J’ai l’esprit embué. C’est fréquent. Mais plus encore aujourd’hui. Je me suis levée la tête dans le cake. Je suis une femme polie : j’aime pas dire de gros mots. Ou alors, juste pour faire genre. Pour prouver que vraiment, vraiment, je suis fâchée.

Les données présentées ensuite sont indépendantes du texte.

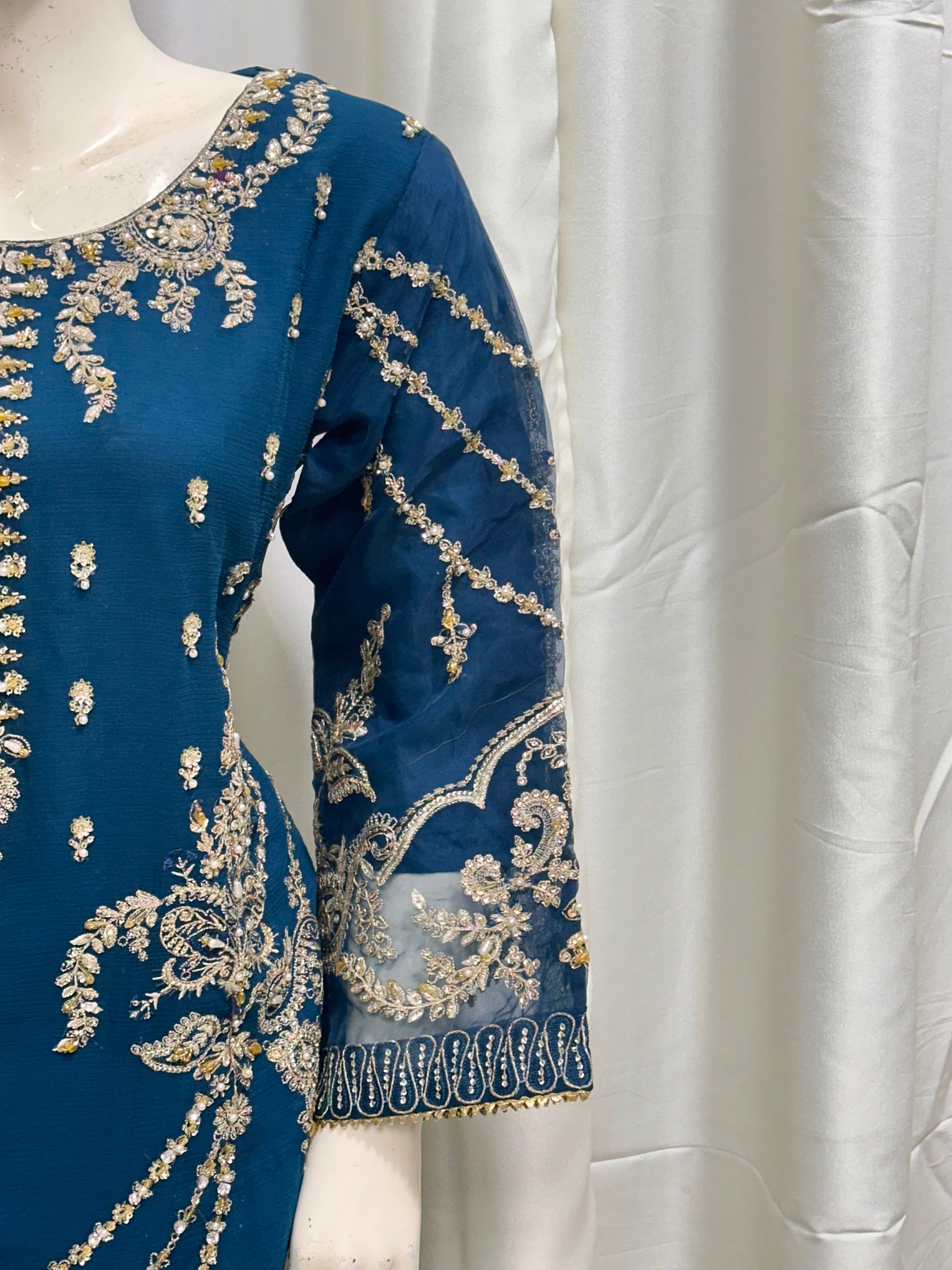 Dupatta: Fully embroidered organza dupatta with lace borders
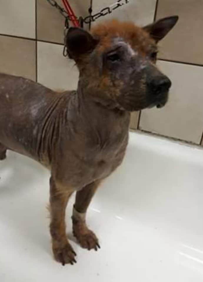 One woman named Karla Solis spotted a terrified animal trembling beneath a car in Tijuana, Mexico one day. It was balding, frightened and starving, and she knew she had to help it. After several attempts, Karla managed to coax the frightened creature out to where she stood. However, the dog was in terrible shape, and was too afraid to make any eye contact with her.

Il faut avouer aussi que j’aime me montrer à mon avantage. On ne se refait pas… et puis, je suis arrivée à un âge où le temps grignote notre apparence alors que nous, nous ergotons sur chaque minute qui passe. Je cours tout le temps. Tout le temps, parce qu’au moins, cela signifie que je suis vivante. Que je suis toujours dans le coup.

 

Je suis une hyper woman et fière de l’être ! Alors, mon miroir, c’est le reflet de mon âme. Il me raconte encore de jolies choses. Bon, d’accord, c’est à grand coup de crèmes bien chères et une palette de couleurs qui rendrait n’importe quel peintre fou de jalousie.

 

Ainsi, aujourd’hui matin, lorsque j’ouvre un œil à ma rencontre et que je ne m’y trouve pas, je reste bêtement à ne pas me regarder. Il n’y a que du flou. Point de buée ! J’ai du brouillard dans ma tête. La tentation de redescendre et d’avaler un remède miracle me talonne. J’oscille entre me remettre au lit et jouer à faire semblant. Parfois, ça marche… Mais voilà… je suis une femme raisonnable. Bien trop raisonnable. J’asperge mon visage d’eau fraîche, je l’essuie avec un coton « spécial beauté » afin de ne pas abîmer la délicate peau en dessous des yeux. Je ne veux pas avoir de cernes ! Ou tout du moins, juste « limiter » les dégâts. Oui… je suis arrivée à un âge où je dois limiter la décrépitude. De jour en jour, de plus en plus. C’est la vie.

 

Je vieillis.

Paraît que je vieillis bien...

C’est ce qu’ils disent. Les autres. Et lui, mon beau miroir.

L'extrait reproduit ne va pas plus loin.